Exercise details: From the line below that contains "支付宝账号怎么注销(注销支付宝账号麻烦多) 刘轩良 2022-04-20" to the line that contains "RIC reduces RAN", repeat every line exactly, both ends included, and nothing else.

Records provided:
────
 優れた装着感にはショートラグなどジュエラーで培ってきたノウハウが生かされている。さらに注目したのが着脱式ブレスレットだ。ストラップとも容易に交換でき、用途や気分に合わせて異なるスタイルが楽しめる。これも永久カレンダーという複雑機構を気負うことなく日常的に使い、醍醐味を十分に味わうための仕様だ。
────
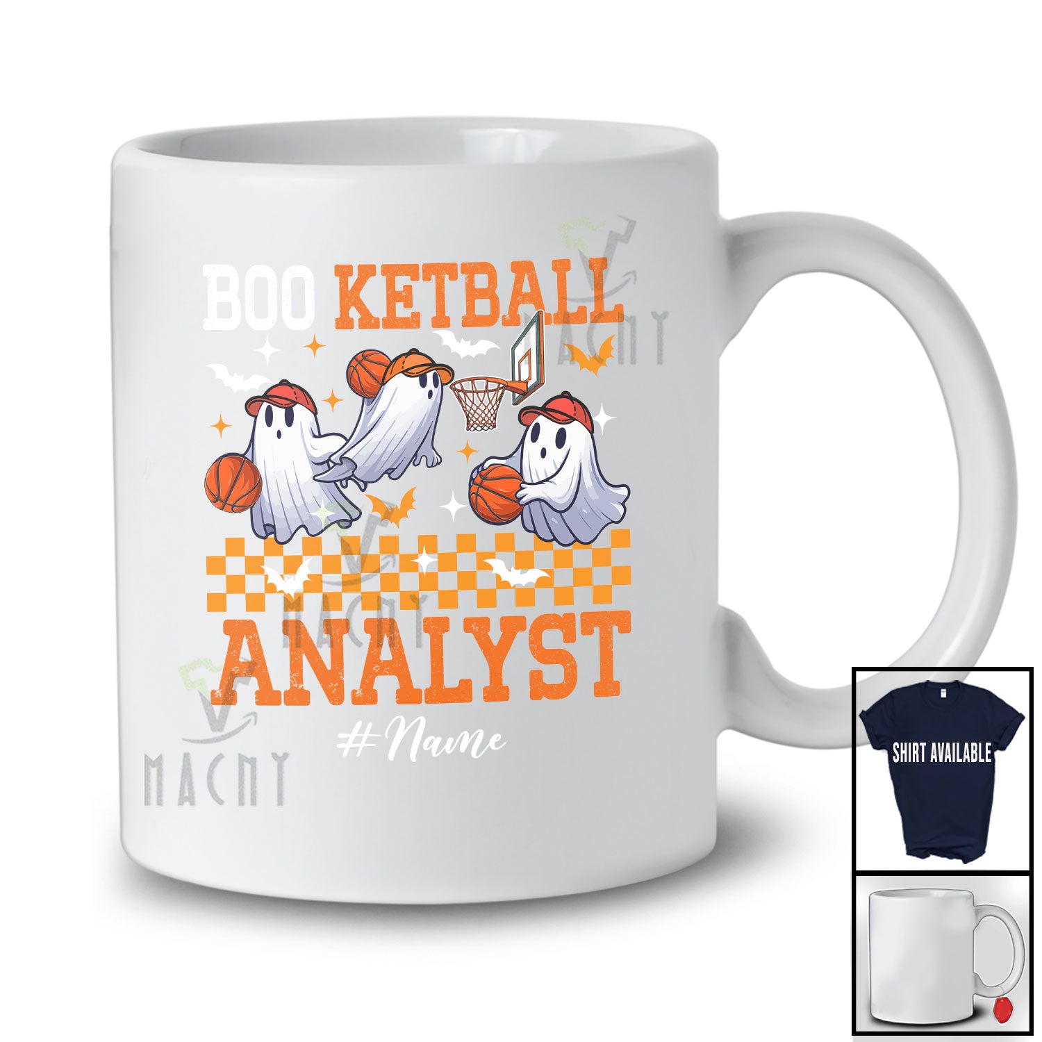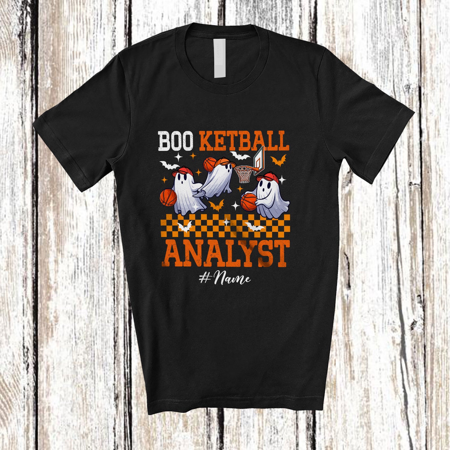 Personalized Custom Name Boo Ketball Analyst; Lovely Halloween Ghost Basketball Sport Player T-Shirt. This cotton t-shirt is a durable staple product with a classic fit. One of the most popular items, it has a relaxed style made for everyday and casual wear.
────
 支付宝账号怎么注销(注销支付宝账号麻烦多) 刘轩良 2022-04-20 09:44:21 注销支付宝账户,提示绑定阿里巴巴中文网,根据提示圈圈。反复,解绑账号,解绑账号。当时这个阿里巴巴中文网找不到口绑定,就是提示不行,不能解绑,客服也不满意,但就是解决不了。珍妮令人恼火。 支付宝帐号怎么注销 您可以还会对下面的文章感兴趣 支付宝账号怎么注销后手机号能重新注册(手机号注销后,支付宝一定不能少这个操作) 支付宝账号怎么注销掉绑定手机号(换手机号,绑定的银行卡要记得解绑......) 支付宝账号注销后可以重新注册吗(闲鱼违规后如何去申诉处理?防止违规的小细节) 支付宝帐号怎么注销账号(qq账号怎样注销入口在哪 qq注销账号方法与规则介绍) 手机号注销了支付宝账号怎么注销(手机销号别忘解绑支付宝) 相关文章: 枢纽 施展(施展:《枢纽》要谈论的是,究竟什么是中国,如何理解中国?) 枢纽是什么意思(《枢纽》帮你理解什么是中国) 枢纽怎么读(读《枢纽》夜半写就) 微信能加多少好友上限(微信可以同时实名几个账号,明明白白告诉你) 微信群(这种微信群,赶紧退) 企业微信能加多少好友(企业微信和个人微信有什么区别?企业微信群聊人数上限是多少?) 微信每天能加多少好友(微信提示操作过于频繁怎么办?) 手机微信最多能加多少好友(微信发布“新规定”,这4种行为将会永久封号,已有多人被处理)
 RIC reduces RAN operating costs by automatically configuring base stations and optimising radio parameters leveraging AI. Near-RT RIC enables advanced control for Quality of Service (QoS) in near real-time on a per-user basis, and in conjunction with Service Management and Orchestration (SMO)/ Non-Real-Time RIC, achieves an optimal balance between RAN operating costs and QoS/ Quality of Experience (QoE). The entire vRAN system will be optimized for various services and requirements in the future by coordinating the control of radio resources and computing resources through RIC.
────
Expected output:
 支付宝账号怎么注销(注销支付宝账号麻烦多) 刘轩良 2022-04-20 09:44:21 注销支付宝账户,提示绑定阿里巴巴中文网,根据提示圈圈。反复,解绑账号,解绑账号。当时这个阿里巴巴中文网找不到口绑定,就是提示不行,不能解绑,客服也不满意,但就是解决不了。珍妮令人恼火。 支付宝帐号怎么注销 您可以还会对下面的文章感兴趣 支付宝账号怎么注销后手机号能重新注册(手机号注销后,支付宝一定不能少这个操作) 支付宝账号怎么注销掉绑定手机号(换手机号,绑定的银行卡要记得解绑......) 支付宝账号注销后可以重新注册吗(闲鱼违规后如何去申诉处理?防止违规的小细节) 支付宝帐号怎么注销账号(qq账号怎样注销入口在哪 qq注销账号方法与规则介绍) 手机号注销了支付宝账号怎么注销(手机销号别忘解绑支付宝) 相关文章: 枢纽 施展(施展:《枢纽》要谈论的是,究竟什么是中国,如何理解中国?) 枢纽是什么意思(《枢纽》帮你理解什么是中国) 枢纽怎么读(读《枢纽》夜半写就) 微信能加多少好友上限(微信可以同时实名几个账号,明明白白告诉你) 微信群(这种微信群,赶紧退) 企业微信能加多少好友(企业微信和个人微信有什么区别?企业微信群聊人数上限是多少?) 微信每天能加多少好友(微信提示操作过于频繁怎么办?) 手机微信最多能加多少好友(微信发布“新规定”,这4种行为将会永久封号,已有多人被处理)
 RIC reduces RAN operating costs by automatically configuring base stations and optimising radio parameters leveraging AI. Near-RT RIC enables advanced control for Quality of Service (QoS) in near real-time on a per-user basis, and in conjunction with Service Management and Orchestration (SMO)/ Non-Real-Time RIC, achieves an optimal balance between RAN operating costs and QoS/ Quality of Experience (QoE). The entire vRAN system will be optimized for various services and requirements in the future by coordinating the control of radio resources and computing resources through RIC.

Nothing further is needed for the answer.